### [TASK PROMPT]
Beginning with the first line and ending with the one containing "Bolso de Mano", copy the lines of the listing below exactly; omit everything else.

### [DATA EXTRACTS]
##########

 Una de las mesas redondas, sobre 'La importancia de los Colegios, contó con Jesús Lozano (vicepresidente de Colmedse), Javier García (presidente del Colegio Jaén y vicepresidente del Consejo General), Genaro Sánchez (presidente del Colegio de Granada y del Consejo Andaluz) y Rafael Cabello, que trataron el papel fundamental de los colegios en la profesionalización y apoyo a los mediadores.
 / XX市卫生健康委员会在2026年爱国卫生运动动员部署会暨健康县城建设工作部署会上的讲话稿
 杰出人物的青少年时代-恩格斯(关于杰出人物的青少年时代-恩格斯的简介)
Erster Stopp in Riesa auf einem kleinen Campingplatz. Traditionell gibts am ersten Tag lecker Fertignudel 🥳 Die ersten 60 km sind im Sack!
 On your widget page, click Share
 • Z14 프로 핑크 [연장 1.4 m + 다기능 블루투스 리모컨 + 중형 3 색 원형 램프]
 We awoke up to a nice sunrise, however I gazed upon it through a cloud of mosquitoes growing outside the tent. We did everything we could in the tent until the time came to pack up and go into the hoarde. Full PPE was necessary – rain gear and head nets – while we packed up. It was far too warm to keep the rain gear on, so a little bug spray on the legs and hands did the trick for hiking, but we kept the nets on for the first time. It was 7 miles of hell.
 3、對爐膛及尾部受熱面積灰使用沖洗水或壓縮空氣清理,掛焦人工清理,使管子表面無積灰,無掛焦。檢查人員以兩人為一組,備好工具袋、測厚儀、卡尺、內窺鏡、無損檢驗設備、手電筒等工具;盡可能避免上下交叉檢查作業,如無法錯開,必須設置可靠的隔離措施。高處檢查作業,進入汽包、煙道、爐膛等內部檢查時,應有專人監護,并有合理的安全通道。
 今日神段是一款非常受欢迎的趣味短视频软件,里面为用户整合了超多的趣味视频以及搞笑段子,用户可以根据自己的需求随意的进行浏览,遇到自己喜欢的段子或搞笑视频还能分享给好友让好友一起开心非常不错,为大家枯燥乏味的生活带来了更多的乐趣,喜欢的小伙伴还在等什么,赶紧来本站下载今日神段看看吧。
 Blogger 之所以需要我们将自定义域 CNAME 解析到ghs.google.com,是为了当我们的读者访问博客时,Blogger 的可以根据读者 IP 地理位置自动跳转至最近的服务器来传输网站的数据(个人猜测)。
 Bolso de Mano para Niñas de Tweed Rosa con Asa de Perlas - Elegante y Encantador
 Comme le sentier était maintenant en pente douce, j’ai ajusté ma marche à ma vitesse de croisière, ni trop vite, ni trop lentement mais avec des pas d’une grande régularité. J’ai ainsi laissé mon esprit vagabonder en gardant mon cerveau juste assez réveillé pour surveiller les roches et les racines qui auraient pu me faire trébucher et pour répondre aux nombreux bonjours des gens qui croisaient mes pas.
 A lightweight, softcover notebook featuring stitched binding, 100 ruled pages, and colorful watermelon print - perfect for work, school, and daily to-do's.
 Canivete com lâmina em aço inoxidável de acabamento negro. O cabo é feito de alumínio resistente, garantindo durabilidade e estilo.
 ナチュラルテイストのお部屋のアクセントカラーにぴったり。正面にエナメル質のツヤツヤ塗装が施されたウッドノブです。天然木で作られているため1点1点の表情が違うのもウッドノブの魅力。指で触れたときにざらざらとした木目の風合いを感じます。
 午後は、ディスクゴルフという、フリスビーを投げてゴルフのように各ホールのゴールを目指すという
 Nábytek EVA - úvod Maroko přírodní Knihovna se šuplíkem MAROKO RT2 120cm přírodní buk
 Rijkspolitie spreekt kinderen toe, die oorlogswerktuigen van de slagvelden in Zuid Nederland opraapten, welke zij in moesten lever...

##########

### [TASK SOLUTION]
 Una de las mesas redondas, sobre 'La importancia de los Colegios, contó con Jesús Lozano (vicepresidente de Colmedse), Javier García (presidente del Colegio Jaén y vicepresidente del Consejo General), Genaro Sánchez (presidente del Colegio de Granada y del Consejo Andaluz) y Rafael Cabello, que trataron el papel fundamental de los colegios en la profesionalización y apoyo a los mediadores.
 / XX市卫生健康委员会在2026年爱国卫生运动动员部署会暨健康县城建设工作部署会上的讲话稿
 杰出人物的青少年时代-恩格斯(关于杰出人物的青少年时代-恩格斯的简介)
Erster Stopp in Riesa auf einem kleinen Campingplatz. Traditionell gibts am ersten Tag lecker Fertignudel 🥳 Die ersten 60 km sind im Sack!
 On your widget page, click Share
 • Z14 프로 핑크 [연장 1.4 m + 다기능 블루투스 리모컨 + 중형 3 색 원형 램프]
 We awoke up to a nice sunrise, however I gazed upon it through a cloud of mosquitoes growing outside the tent. We did everything we could in the tent until the time came to pack up and go into the hoarde. Full PPE was necessary – rain gear and head nets – while we packed up. It was far too warm to keep the rain gear on, so a little bug spray on the legs and hands did the trick for hiking, but we kept the nets on for the first time. It was 7 miles of hell.
 3、對爐膛及尾部受熱面積灰使用沖洗水或壓縮空氣清理,掛焦人工清理,使管子表面無積灰,無掛焦。檢查人員以兩人為一組,備好工具袋、測厚儀、卡尺、內窺鏡、無損檢驗設備、手電筒等工具;盡可能避免上下交叉檢查作業,如無法錯開,必須設置可靠的隔離措施。高處檢查作業,進入汽包、煙道、爐膛等內部檢查時,應有專人監護,并有合理的安全通道。
 今日神段是一款非常受欢迎的趣味短视频软件,里面为用户整合了超多的趣味视频以及搞笑段子,用户可以根据自己的需求随意的进行浏览,遇到自己喜欢的段子或搞笑视频还能分享给好友让好友一起开心非常不错,为大家枯燥乏味的生活带来了更多的乐趣,喜欢的小伙伴还在等什么,赶紧来本站下载今日神段看看吧。
 Blogger 之所以需要我们将自定义域 CNAME 解析到ghs.google.com,是为了当我们的读者访问博客时,Blogger 的可以根据读者 IP 地理位置自动跳转至最近的服务器来传输网站的数据(个人猜测)。
 Bolso de Mano para Niñas de Tweed Rosa con Asa de Perlas - Elegante y Encantador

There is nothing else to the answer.